Theoretical Statistics and Mathematics Unit Seminars

Some results in binary Recursive Sequences
Abstract: Beginning with the definition of binary recursive sequences and in paricular of Fibonacci sequences and Lucas sequences, we consider some features of these sequences. We shall also consider some diophantine equations in members of these sequences.

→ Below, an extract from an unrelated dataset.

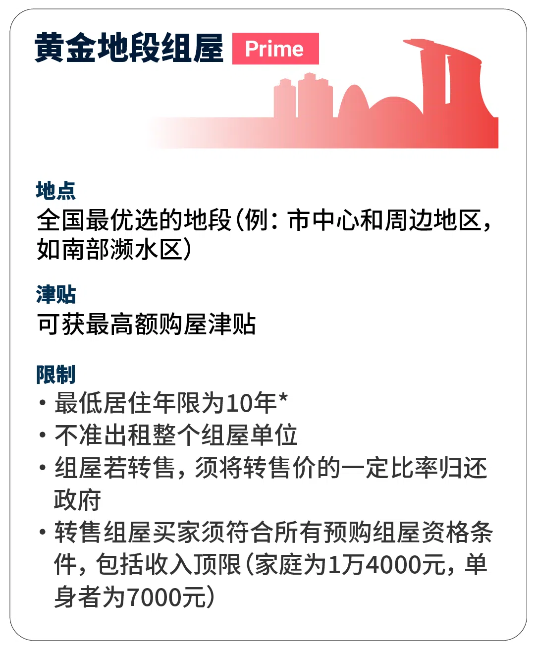 政府将推出的“优选地段组屋”(Plus projects),地点会较优越,政府因此会提供更多津贴,让更多家庭有能力购买,但这些项目也将附带更严格的售屋条件。
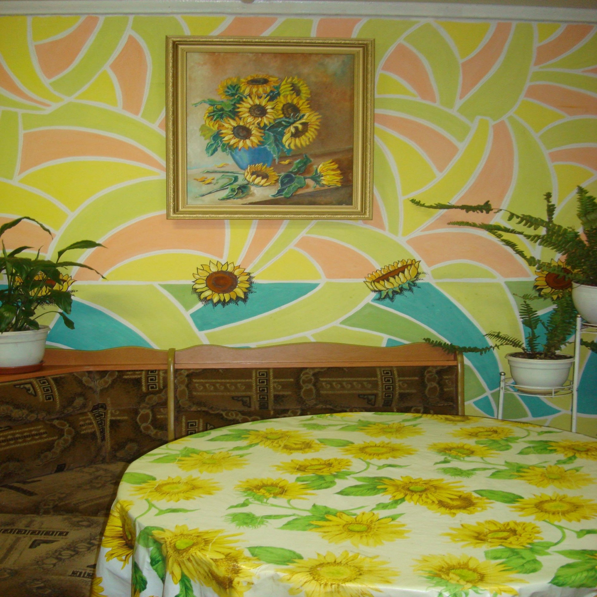 Выровняли стены, зашпатлевали и побелили водоэмульсионкой. У нас получилась кухня (14,5 кв.м). С цветами, которые хотелось бы видеть на кухне, я давно определилась. Только не знала, как именно красить.Красить решили единогласно, так как намучались с обоями в своей старой кухне. Там отходит, там облили и т.д. Но как только я увидела чистые, ровные белые стены…. Это как чистый холст перед глазами. Сразу родилась идея! Взяв карандаш, я нанесла рисунок в хаотичном порядке. Чтобы получить нужные цвета в эмульсионную краску добавили соответствующий колер и размешали. Все краска готова к употреблению. В разные емкости навели нужные цвета, и началась работа. Сразу вспомнилось детство, любимые разукраски. Даже дети в этом приняли участие. Когда стены «разукрасились» их оставили сохнуть. А в это время сделали трафареты подсолнухов и определили места, где они у нас будут красоваться

A statistical study of climate change: analysis of temperature records of Arctic seawater data
Abstract: We analyze a dataset on seawater pattern over the last few decades. For specificity, we restrict attention to temperature measures in the Arctic Ocean region for this talk. Our goal is to investigate whether there is a significant change of pattern in the Arctic Ocean seawater temperature, thus detecting climate change, after accounting for the systematic factors like location, depth, season, and the temporal and spatial dependence pattern of the observations. We do not explicitly model the spatio-temporal dependency pattern of the observations, but treat it as an extremely high dimensional nuisance parameter, and use techniques for estimation and inference that are insensitive to it. We use nonparametric curve fitting for weakly dependent observations to model different functions of seawater temperature, and then perform sequential tests to detect whether the function under consideration has changed its pattern from previous time-points. A complex resampling-based robustness study is used to decide whether the changes detected are chance aberrations. Finally, we separate the data in two parts based on observation-time, and use a block bootstrap based scheme to compare temperature patterns in the two regimes. The block-bootstrap based technique elicits probabilities that are the equivalents of size, power and $p$-value of our sequential testing procedure, under reasonable assumptions. The methodology used in this paper is applicable for any sequence of dependent observations on the climate, and unlike many other climate studies does not rely on computer simulated deterministic outputs, nor use of indirect historical data, nor rely on technical assumptions like linearity, Gaussian nature of random variables, specific dependency patterns, and so on. This work is jointly done with Qiqi Deng and Jie Xu.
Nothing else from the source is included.